We don’t know whether this is temporary or permanent, and what France will ask for. A rumor that the suspension has already occurred was dismissed by an embassy official. But the political pressures all militate toward breaking up Schengen, or at least defining it down. Crispin Blunt, conservative head of the Foreign Affairs committee in the British parliament, says we’re nearing the end of borderless Europe.
To back up, anyone who’s traveled through Europe knows that they can freely cross along a highway from one country into the next, like passing from Pennsylvania into Ohio. This is not just an expression of goodwill among allies but an economic engine. You have areas like Copenhagen, Denmark and Malmo, Sweden where many routinely cross national borders for work. The open borders allow workers to freely move to where jobs are available. It allows goods to move in a relatively frictionless manner over land or sea.
But this openness has been backsliding amid the great migration from Syria and elsewhere. Four countries – Slovenia, Austria, Germany, and Sweden – have imposed temporary border controls of various degrees in violation of Schengen, which has held more or less since 1995. And the attacks, which were reportedly plotted in Belgium, will only accelerate calls to increase security in France, from the likes of Marine Le Pen and Nicolas Sarkozy. With multiple incidents this year and a climate of fear, it’s not hard to see France withdrawing, at which point the raison d’être of the agreement starts to break down.
This is a disaster for perhaps the most critical building block of the European project, something that, regardless of whatever other effects, has reversed a cycle of endless wars for several decades. But what is the near-term economic impact of closing or restricting the borders, to a Eurozone that isn’t exactly a picture of health?

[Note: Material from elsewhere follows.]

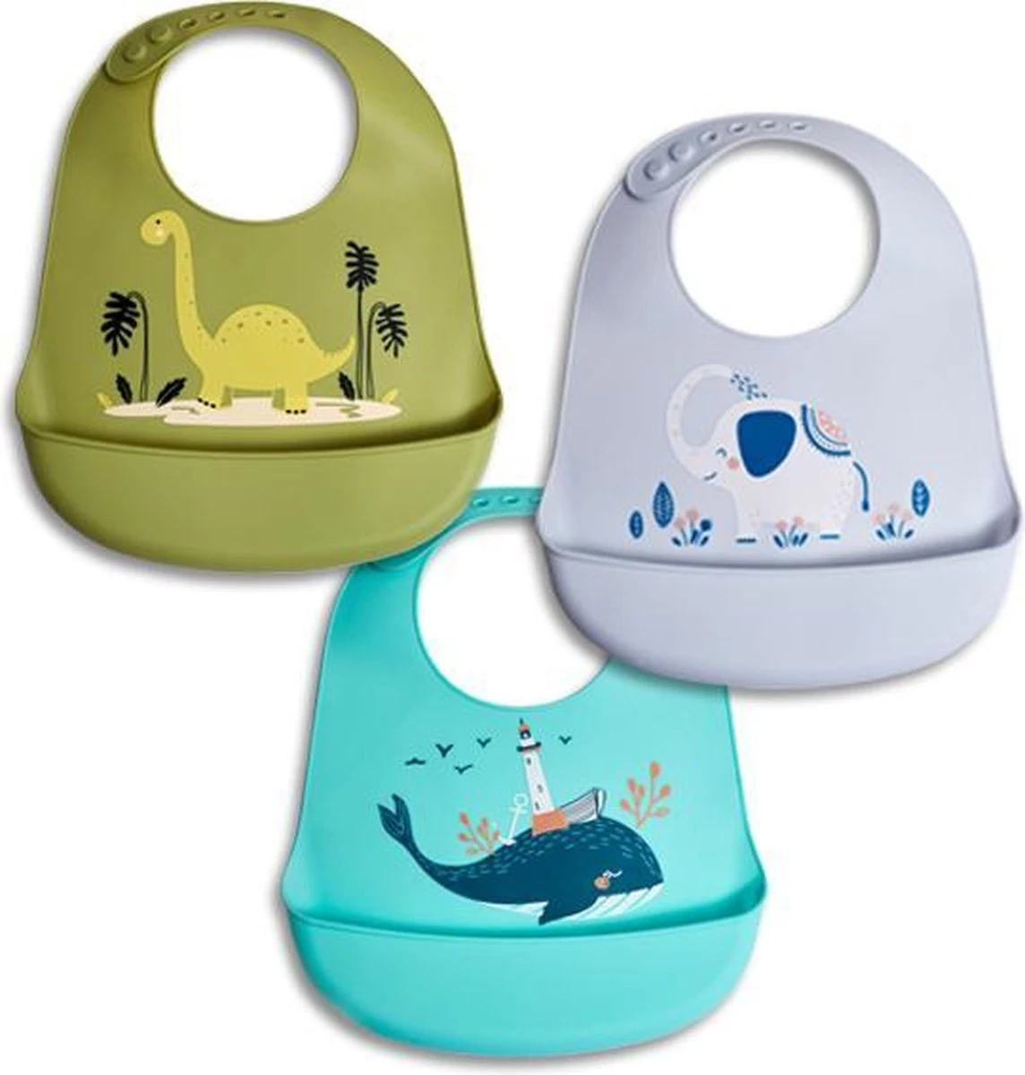 Hippe siliconen slabbers met walvis, zwaan en olifant afbeelding voor de allerkleinsten. Deze slabber is voorzien van een handig opvangbakje voor de restjes eten die geknoeid worden tijdens het eten. De slabber is verstelbaar waardoor deze slabber geschikt is voor kinderen vanaf o tot 4 jaar en lekker lang mee kan.

If you look at the direct effects, there’s no question that exports will drop and tourist activity will fall from restrictions on the freedom of movement. More difficulty importing cheap labor might make a difference in some wealthier northern European countries, particularly in those nations with demographic problems. Eventually everything would get over the borders, but with added costs, and for some countries those costs could be significant, or at least unneeded in a time of continued stress (although a little inflation might not necessarily be a bad thing for some). The forces currently pushing forward minimal growth in the Eurozone are expected to fade next year, and such forecasts have typically tended to overstate the growth case.
But play this out a bit more. Could the dissolution of Schengen be a pathway to the breakup of the Eurozone itself? After all, it’s hard to continue to argue for more fiscal integration while assembling border crossings. The accompaniment to such border closures would likely be a rise in right-wing, Euroskeptic nationalism across the continent, and subsequent tensions could spark exits.
This is not the preferred option for how to manage the separation into national independence of monetary policy. Governments fueled by extremism on migrants may not be best positioned for that delicate task. But if you believe the Eurozone is a doomed project, an unnecessary straitjacket tying poorer members to a kind of indentured servitude, then despite the significant price to pay for the disintegration, you would at least look upon it with a more nuanced view and an open mind.
I’m not suggesting it would be worthwhile. Moreover, there’s no definite point A to point B here, either. The troika leadership would go to the barricades to maintain order. But there are definitely powerful forces roiling Europe at this point, and you can envision the best wishes of elites being overtaken by events. The question then becomes how to prepare for that possibility and ensure a post-Eurozone world with some concern for the economic rights of all citizens. For the most part, people have played pundit about Grexit or Brexit, noting the significant barriers to implementation and the consequences of rolling back the clock. But punditry may not be what’s necessary. We might have to start thinking more along the lines of contingency plans.